Wednesday, October 12, 2005

Lost in Translation

My new job requires me to quite often make reservations for my boss. Most of the people I speak to are pleasant, all business, and conversation is short and to the point.

Unfortunately, sometimes the people I speak to are unprofessional and rude.

And then….there are those like today.

I needed to make a dinner reservation for my boss. For the purpose of this post I’ll call my boss “Bob Vanilla”.

I called an “Asian/French fusion” restaurant in East Hampton. A woman with a thick Asian accent answers:

Asian voice: Hello.

Me: Yes, I’d like to make a reservation for dinner tonight. Two for 7pm.

Asian voice: Oh yes. Two for 7pm. The name?

Me: Bob Vanilla.

Asian voice: Will you spell the last name please?

Me: V – A – N…

Asian voice: B – A – M…. (Does she really think the name is Bamilla?)

Me: No. V as in Victor, A, N as in Nancy….

Asian voice: T – A – N….

Me: No. V…VVeeeee… V as in Victor.

Asian voice: Oh. V- A- N. Mr. Bob Van? (huh?)

Me: No. Bob Vanilla.

Asian voice: Will you spell that please?

Me: (big sigh) V – A – N – I – L – L – A.

Asian voice: V – A – N – I ….then what?

Me: L – L – A.

Asian voice: Okay. That’s V – A – N- E – L – I – A


Me: (You have so got to be freakin’ kidding me!) No….Vanilla…like the bean.

Asian voice: Vanilla bean? (I am so not making this up. Except it wasn't "Vanilla Bean" because I changed the name, remember?)

Me: Not Vanilla Bean. Just Vanilla. Vanilla. Bob Vanilla.
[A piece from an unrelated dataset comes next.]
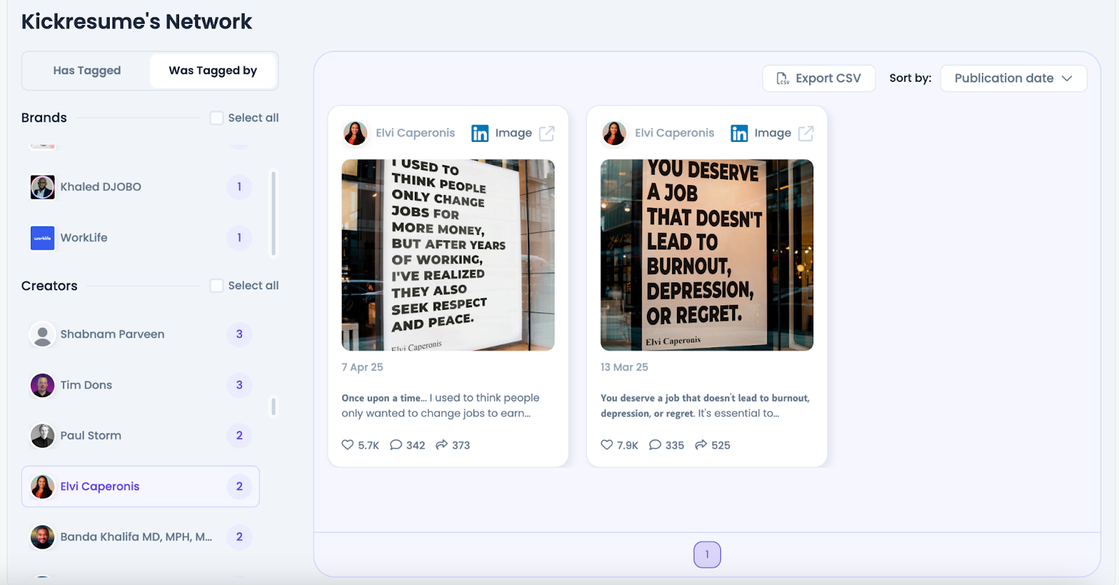 In this case, you could look at a brand like Kickresume and see all of the creators they’ve sponsored. Keep in mind that some of the creators may have organically tagged the brand, and some of the people who tagged the brand may work at the company.

Asian voice: Okay. Mr. Bob Vanilla. Two for 7pm. And your phone number?

Me:
555-46….

Asian voice: 545…


No way…..

It took me 5 more minutes to get off the phone. I know I’m going to have to confirm this one...twice!

Sad.

Disclaimer: For all the angry Asians reading this…. This post in no way demeans Asians….Just a way to describe the woman, people. Get over yourselves!

4 Comments:

Blogger princess slea said...

I was having lunch at China Buffet with my brother (who is not exactly the politically correct type). My brother is your very typical Midwestern Good Ole Boy so it's actually impressive that he ate at China Buffet at all.
Anyway, the Chinese waitress came over and asked "Moiyes T?" and my brother gave her a look out of the corner of his eye like "What the fuck did you just ask me?" She repeated herself and Bryan looked at me like "Uh, what did she say to me?"
So, I'm giggling and I tell Bryan she wants to know if he wants more ice tea. He laughs and says he thought she was asking if he wanted a "moistee" like she was going to stick her finger in his ear.

11:48 AM  
Blogger princess slea said...

I must add that if I were trying to speak Chinese, I'm quite sure it would sound a lot worse than she sounded speaking Engrish. (And that goes for me speaking German, French, Spanish, and any other language that wasn't brainwashed into me from birth)

11:51 AM  
Blogger Kathleen said...

My last name is not spelled exactly as it sounds, so when people ask for it I just start spelling it. Sometimes this backfires, so I start the whole V is as in Victor crap...then once I got this person and I'm pretty sure English was their first language and I said L as in Lollipop. She said, "O as in Lollipop." WTF!!!!

8:41 AM  
Blogger Yoda said...

People can be pretty thick sometimes. I could list "Waiting while people attempt to pronounce my name" as a hobby. I enjoy it quite a bit, unless I'm in a hurry. You'd be amazed at the variations I've heard. My all time favorite is "kuh-lub-a-fuh-lie-itch".

I generally do the same thing Kathleen does...I start spelling with the phonetic alphabet right away.

Once in a while, I run into someone who understands the whole military phonetic alphabet thing and repeats my name back like this:

KiloAlphaLimaBravoFoxtrotLimaEchoIndiaSierraCharlieHotel.

I usually let that sit for a second and then say, "so what did you do when you were in the service?"